Everything from the line with "Træk fisk efter" down to the line with "Theo ông Hòa, ngoài" below must be printed exactly, those two lines included. Exclude pictures.

● **Exercise data**
+++
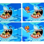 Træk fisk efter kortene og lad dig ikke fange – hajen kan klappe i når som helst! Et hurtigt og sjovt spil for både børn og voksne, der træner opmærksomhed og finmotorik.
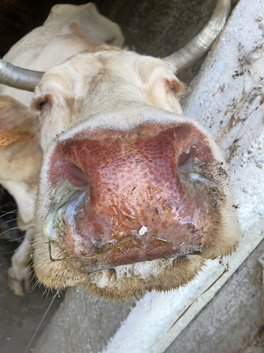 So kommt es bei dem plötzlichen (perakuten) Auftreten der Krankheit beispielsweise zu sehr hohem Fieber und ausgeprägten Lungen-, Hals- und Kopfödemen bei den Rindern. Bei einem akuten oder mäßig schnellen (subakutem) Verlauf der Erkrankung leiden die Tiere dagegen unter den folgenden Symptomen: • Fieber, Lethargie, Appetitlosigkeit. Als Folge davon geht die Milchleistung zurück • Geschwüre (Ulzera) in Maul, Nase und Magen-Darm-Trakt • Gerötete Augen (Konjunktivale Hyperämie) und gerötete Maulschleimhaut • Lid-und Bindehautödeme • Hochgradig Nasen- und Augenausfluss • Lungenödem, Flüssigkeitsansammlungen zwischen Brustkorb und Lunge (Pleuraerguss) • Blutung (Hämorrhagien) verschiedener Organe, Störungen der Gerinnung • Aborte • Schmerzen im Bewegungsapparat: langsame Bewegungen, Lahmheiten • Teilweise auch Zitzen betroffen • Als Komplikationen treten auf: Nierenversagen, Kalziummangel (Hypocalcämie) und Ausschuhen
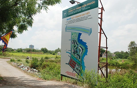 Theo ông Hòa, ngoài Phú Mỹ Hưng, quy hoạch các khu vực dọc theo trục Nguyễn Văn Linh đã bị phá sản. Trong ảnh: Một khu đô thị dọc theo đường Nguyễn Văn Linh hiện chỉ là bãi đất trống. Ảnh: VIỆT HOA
+++
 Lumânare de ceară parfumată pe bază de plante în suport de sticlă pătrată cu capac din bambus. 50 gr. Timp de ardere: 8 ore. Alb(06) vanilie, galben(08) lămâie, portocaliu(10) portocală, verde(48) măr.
+++
● **Output of the exercise**
 Træk fisk efter kortene og lad dig ikke fange – hajen kan klappe i når som helst! Et hurtigt og sjovt spil for både børn og voksne, der træner opmærksomhed og finmotorik.
 So kommt es bei dem plötzlichen (perakuten) Auftreten der Krankheit beispielsweise zu sehr hohem Fieber und ausgeprägten Lungen-, Hals- und Kopfödemen bei den Rindern. Bei einem akuten oder mäßig schnellen (subakutem) Verlauf der Erkrankung leiden die Tiere dagegen unter den folgenden Symptomen: • Fieber, Lethargie, Appetitlosigkeit. Als Folge davon geht die Milchleistung zurück • Geschwüre (Ulzera) in Maul, Nase und Magen-Darm-Trakt • Gerötete Augen (Konjunktivale Hyperämie) und gerötete Maulschleimhaut • Lid-und Bindehautödeme • Hochgradig Nasen- und Augenausfluss • Lungenödem, Flüssigkeitsansammlungen zwischen Brustkorb und Lunge (Pleuraerguss) • Blutung (Hämorrhagien) verschiedener Organe, Störungen der Gerinnung • Aborte • Schmerzen im Bewegungsapparat: langsame Bewegungen, Lahmheiten • Teilweise auch Zitzen betroffen • Als Komplikationen treten auf: Nierenversagen, Kalziummangel (Hypocalcämie) und Ausschuhen
 Theo ông Hòa, ngoài Phú Mỹ Hưng, quy hoạch các khu vực dọc theo trục Nguyễn Văn Linh đã bị phá sản. Trong ảnh: Một khu đô thị dọc theo đường Nguyễn Văn Linh hiện chỉ là bãi đất trống. Ảnh: VIỆT HOA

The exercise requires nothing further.